Content starts

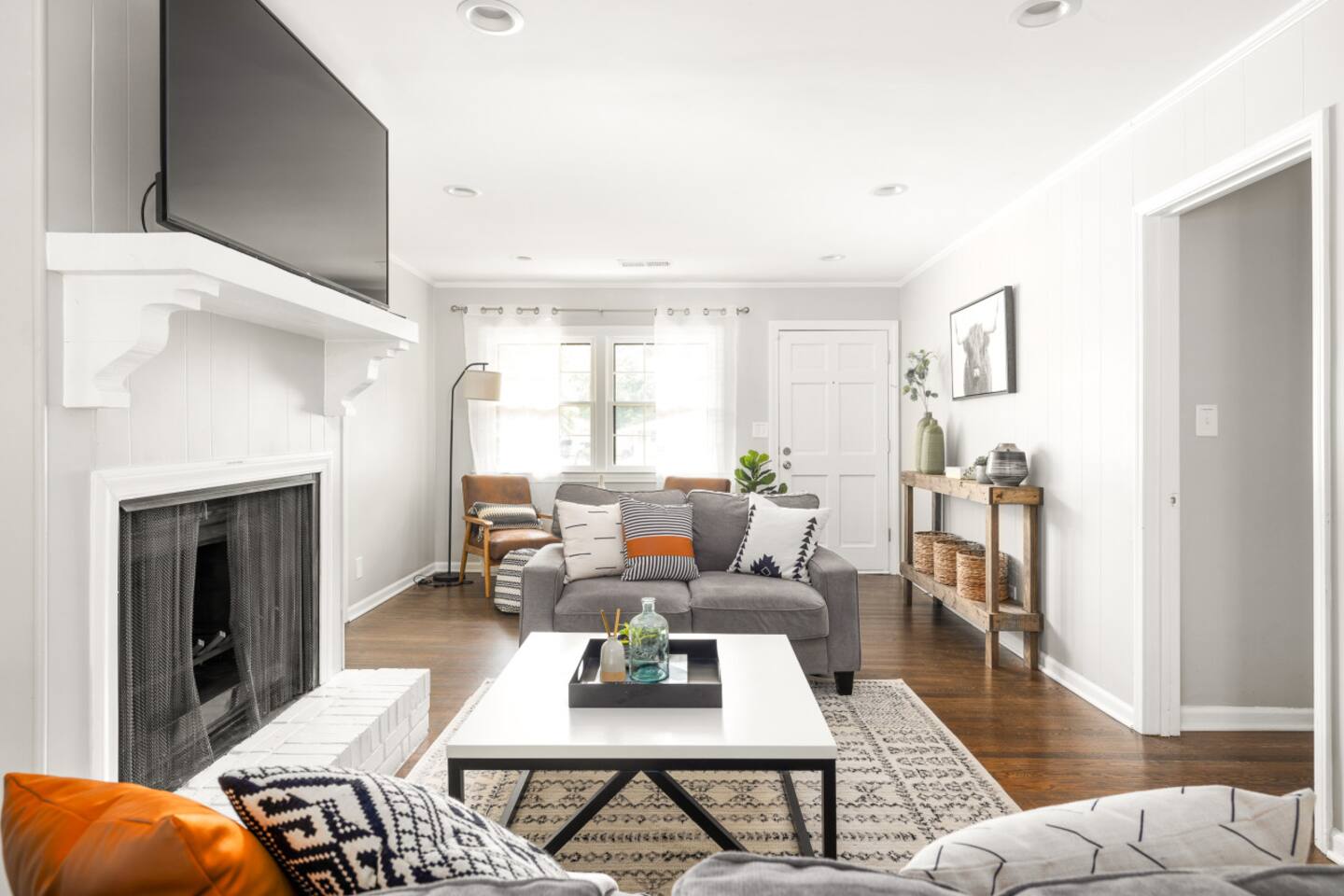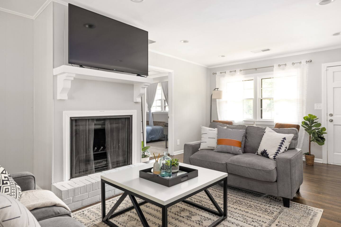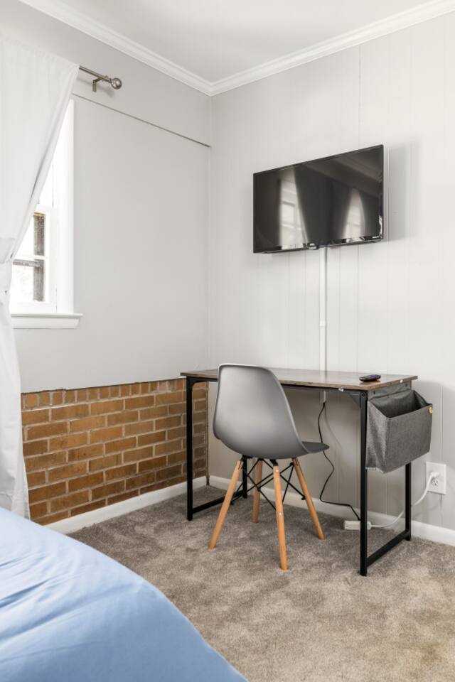 This home has 4 well designed bedrooms with super comfortable mattresses. There is also a big backyard and a large covered porch. Main Floor: The front door opens into a roomy living area that has lots of seating and a 55 inch smart TV. The dining room and kitchen are also on this level of the home. The kitchen includes lots of cooking gear and a nice array of spices & oil. A coffee maker, filters, and coffee are provided. There are enough plates, glasses, bowls, and silverware to serve 12. Bed Summary: Our home includes 4 queen beds Outdoor Space: The patio on the back of the house has lots of seating and is covered. We suggest enjoying a meal or beverage outside since the weather in Atlanta is nice most of the year. Parking: There is a driveway with 3-4parking spots. Additional cars will have no trouble finding free street parking. Our home features a total of 2 HD Smart TVs.
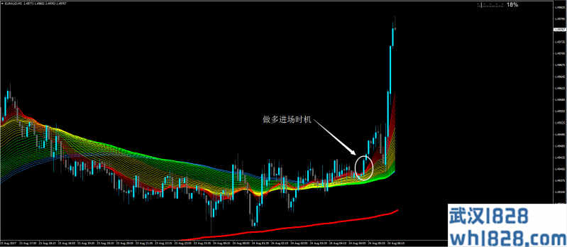 1. 做多时机:K线上穿彩虹色的移动平均线组合。
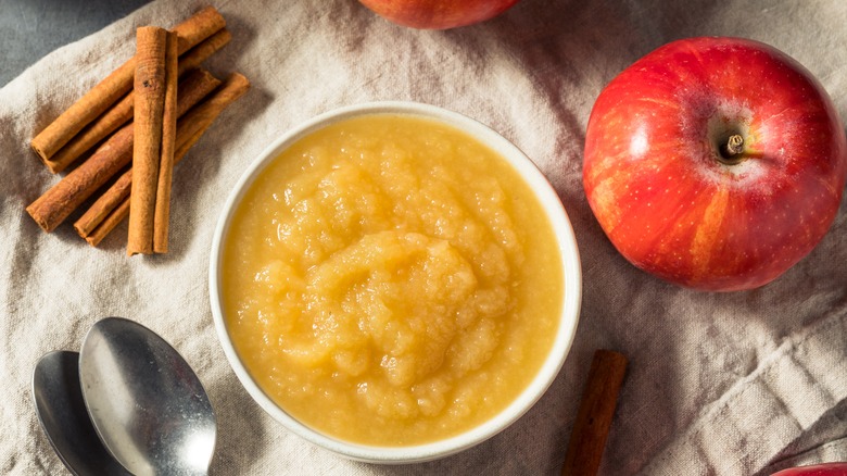 Apple butter doesn't quite qualify as a compound butter as it involves slowly cooking down butter with many other ingredients, but nonetheless, the combination of roasted apples and rich butter offers peak fall vibes. If you're craving apple-forward butter, but don't have the time or desire to make a complex recipe like this roasted chai apple butter, applesauce butter is a great alternative. The crisp, warm flavors of applesauce meld deliciously with softened butter and preserve the consistency of butter well enough that it can be used in place of plain butter in baking recipes.
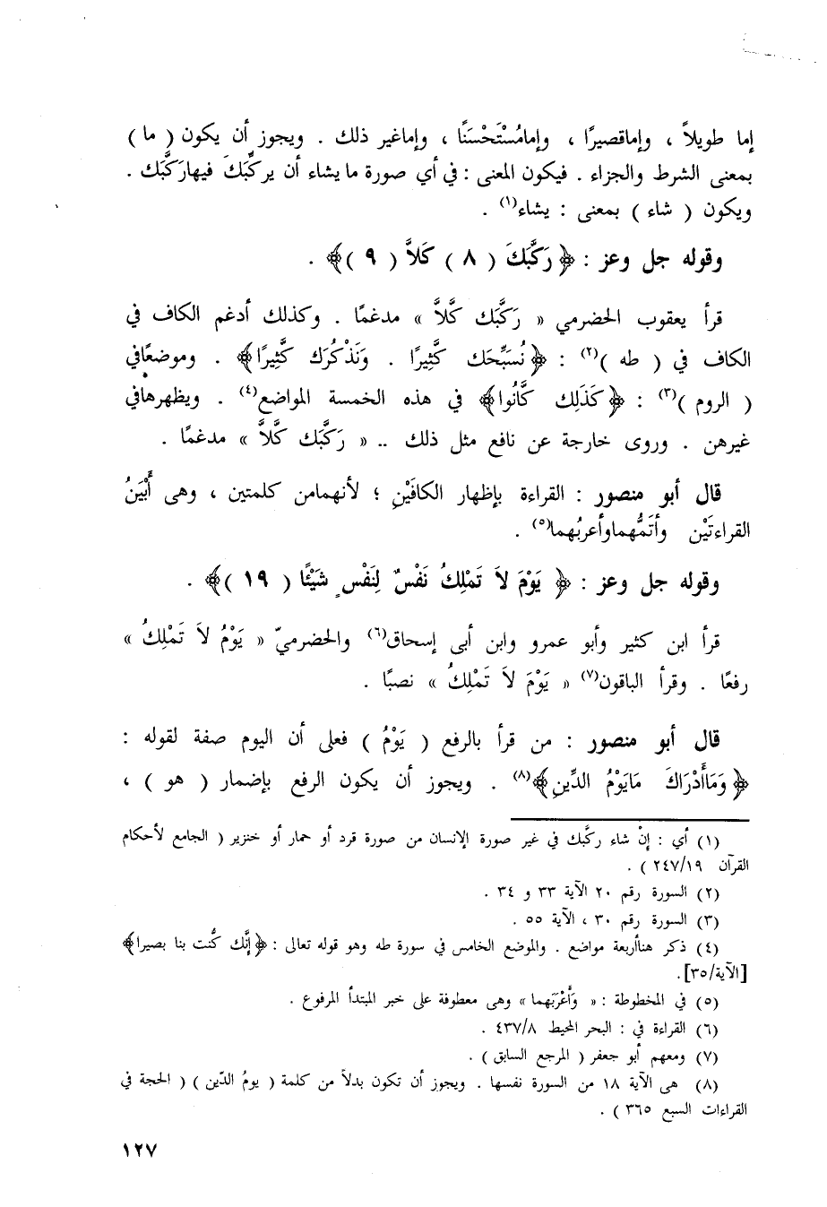 وكذلك أدغم الكاف في الكاف في (طه) : (نُسَبِّحَك كثيرًا. وَنَذْكُرَك كَثِيرًا) . وموضعٍا في (الروم) : (كَذَلِك كَّانُوا) في هذه الخمسة المواضع.
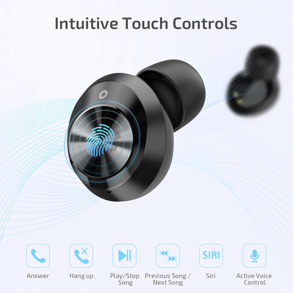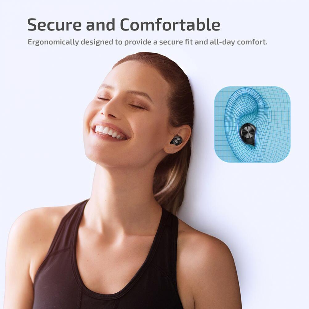 TWS Earbuds Wireless Earphones Headphones Charging Case True Stereo [Easy Pairing]. True Wireless Earbuds technology transmits music from your phone to the headphones, so music plays reliably and consistently whether your phone is in your nearby gym bag, pocket or strapped to your arm, and provide clearly superior sound with powerful deep bass. Easy control - Tap, press or voice command, no need to get through the cell phone interface. Up to 5.5 hours of play time with single charge and an additional 28 hours with the included portable charging case. Equipped with different Silicone fits and IPX5 sweat-water resistance, these wireless earbuds are made to fill your workouts with your favorite music without getting in the way. No wires. No stopping you. HD microphones are built-in for clear and uninterrupted calls, all the unnecessary and surrounding noises will be suppressed completely through our microphones.
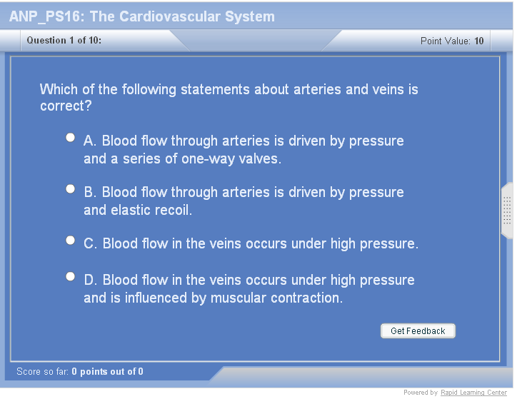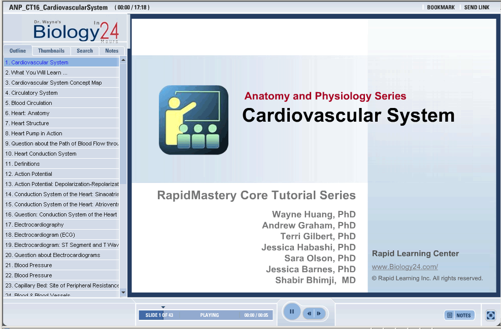 This tutorial presents the cardiovascular system including the heart, blood vessels and components of the blood. One of the major roles of the cardiovascular system is to deliver oxygen taken in at the lungs and deliver it to the tissues.

Content ends

- [Your assignment] Above are records with pictures. Reproduce exactly only the lines from the line with "Apple butter doesn't" through the line with "وكذلك أدغم الكاف", both ends included, and leave the pictures out.

- [Result of the task]
 Apple butter doesn't quite qualify as a compound butter as it involves slowly cooking down butter with many other ingredients, but nonetheless, the combination of roasted apples and rich butter offers peak fall vibes. If you're craving apple-forward butter, but don't have the time or desire to make a complex recipe like this roasted chai apple butter, applesauce butter is a great alternative. The crisp, warm flavors of applesauce meld deliciously with softened butter and preserve the consistency of butter well enough that it can be used in place of plain butter in baking recipes.
 وكذلك أدغم الكاف في الكاف في (طه) : (نُسَبِّحَك كثيرًا. وَنَذْكُرَك كَثِيرًا) . وموضعٍا في (الروم) : (كَذَلِك كَّانُوا) في هذه الخمسة المواضع.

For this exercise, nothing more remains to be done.